The class practiced pitching, driving, and accuracy. Then our golf pro hollered, “3-6-9. Grab two golf balls and three tees, and meet me at the putting green.”
3-6-9 is an excellent method for practicing putting. I have to tell myself that every time our golf pro says “3-6-9.” Grabbing a putter, you place it on the green lengthwise at a distance of three feet from the cup, plant a tee, lay the putter down again at roughly six feet, plant another tee, then lay it down once more–this distance approximately nine feet from the hole—and stick your last tee in terra firma. The goal is rather simple: hit two putts in a row from each distance and you’re done. Miss one and you have to go a-l-l t-h-e w-a-y b-a-c-k t-o t-h-e b-e-g-i-n-n-i-n-g.
Ack.
I barely had the chance to start over five times before Ron announced it was time for those who wanted to golf, well, to golf. Everyone said they were headed to tee off. Everyone that is, except James and me. It seems James was taking summer school and didn’t have time to play nine; he did have time to hit half a bucket of range balls before having to go study for a tough math test. After he left, I was all by my lonesome on the driving range. Yea, I know. What a lame excuse James had for not hanging around—studying. When I was in college, I always found studying to be overrated. I drained a bucket of balls, then dragged myself to the car and headed home.
Another Tuesday rolled into town. I left work and headed to yet another golf class.
Once again, after going over important rules of the game of golf, we headed to our home on the driving range. After stretching, our instructor politely invited us to draw either a 7, 8, or 9 iron out of our bags and commence hitting pitch shots a certain distance.
For some reason, I could not seem to get any lift on my golf ball; hitting a screaming line drive between third and short is good if you’re playing baseball. Playing golf and hitting the same screaming line drive fifteen feet while nervously hoping your golf instructor is not watching is bad.
How bad? Bad enough to make your navel pucker.
My head instantly spun around like the doll on “Bride of Chuckie,” searching for the omnipresent golf instructor. Whew—coast was clear. The dude was down range.
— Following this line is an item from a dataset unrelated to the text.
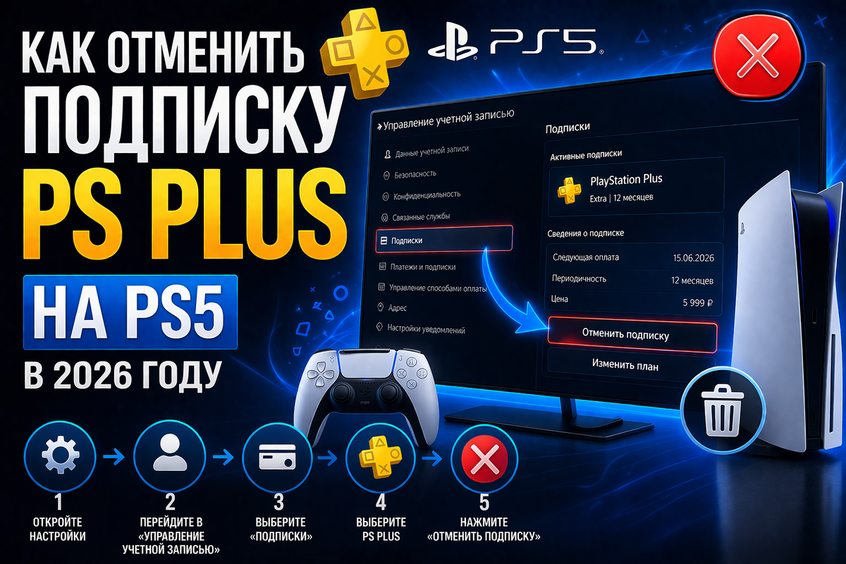 Кратко: Настройки → Пользователи → Подписки → PS Plus → Отключить автопродление. Подписка доработает до конца оплаченного периода, деньги за остаток не возвращают. Перед отменой подумайте — раздачи окупают Essential за один месяц. Как отключить автопродление на PS5 1. Зайдите в Настройки (шестерёнка на главном экране) 2. Пользователи и учётные записи 3. Учётная запись → Подписки 4. Найдите PlayStation Plus 5. Нажмите «Управление подпиской» 6. Отключите автопродление После отключения подписка продолжит работать до конца оплаченного периода. Если заплатили за год — будет работать весь год. Sony не забирает оставшееся время. Через браузер (без консоли) Если PS5 нет рядом: 1. Откройте store.playstation.com в браузере 2. Войдите в аккаунт 3. Нажмите на аватар → Управление подпиской (или Настройки аккаунта → Подписки) 4. PlayStation Plus → Отключить автопродление Через PS App: Откройте PS App → Настройки (шестерёнка) → Подписки → PS Plus → Отключить автопродление. Все три способа делают одно

“Okay, I have an idea,” I said to the three classmates on my left. “Every time I shank a shot, I’m going to whistle. When you hear me whistle, distract Ron with a question or two so he won’t notice my duff and come talk to me.”
The three amigos giggled.
It didn’t take long for me to perform whistle while you golf.
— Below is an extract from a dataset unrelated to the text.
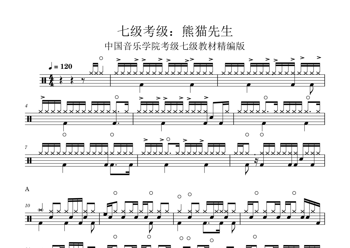 中国音乐学院考级七级《熊猫先生》架子鼓谱 - 精编版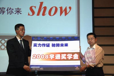 “實力作證,馳騁未來”2008宇通獎學金計劃清華大學站啟動儀式 于5月19日隆重舉行,宇通高層、人力資源部領導、中華英才網(wǎng)領導、清華大學汽車工程學院領導以及相關媒體參加了此次活動儀式。隨著宇通高層領導將印有“‘實力作證 馳騁未來’宇通獎學金”的牌子贈與清華大學汽車工程學院領導手中, 2008宇通獎學金計劃正式啟動。

Ball on tee. Practice swing. Step up to golf ball. So far, so good.
And then it all went to bogey in a Longaberger basket.
I twisted, turned, dropped my left shoulder, lifted my head, and to top it all off—my weight was not shifted properly. Seventy-five percent of me was supposed to be “coming around the bend,” but somewhere between the practice swing and my actual swing, part of me was left behind.
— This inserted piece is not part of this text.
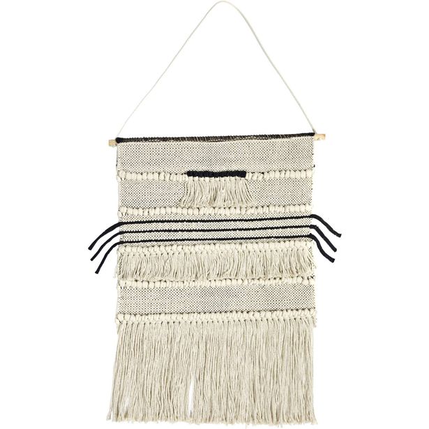 Tämän Liviannan seinävaatteen ryijymäinen pinta yhdistelee kauniisti erilaisia solmuja ja hapsuja toisiinsa. Luonnonvalkoiseen seinävaatteeseen on yhdistytetty mustia yksityiskohtia. Hoitona säännöllinen imurointi ja tuuletus.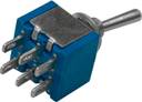 This is a small Bakelite body toggle switch. It is actuated by moving a lever back and forth to open or close an electrical circuit. This switch changes its position when actuated and will remain in that position until actuated again. This switch function as DPDT means it offers an ON/OFF switch by changing the terminal position. It consists of 8 pins, one is used for input and the other one is used as output at two on each side. This switch can withstand high room temperature. It has an amperage of 5A.

In an effort to make up for the lost pounds, my arms swung wildly, the club entering and exiting the hitting zone before my hands made “contact” with the ball. It dribbled off the tee and came to a peaceful stop five feet in front of me.
“Heigh-ho, heigh-ho, it’s off to golf I go.”
The tune “Whistle While You Work” was heard, interspersed with giggling from my driving range homies.
No words. No, “Kraig, what I’d like you to try next…” No, “Class, what I’ve noticed some of you doing…”
The silence was golden.
I completed another practice swing and gave it another shot. It was almost a perfect duplication of the previous shot.
“Hey, at least it went straight,” offered my observant instructor Ron as he kept walking.
“Crud, I forgot to whistle!”
Uhhh, you know that if your golf instructor reads this that you’ve blown your cover. You’re gonna have to cough or — yikes — sing instead.
Thanks for the tip on the putting drill. Gonna try that one.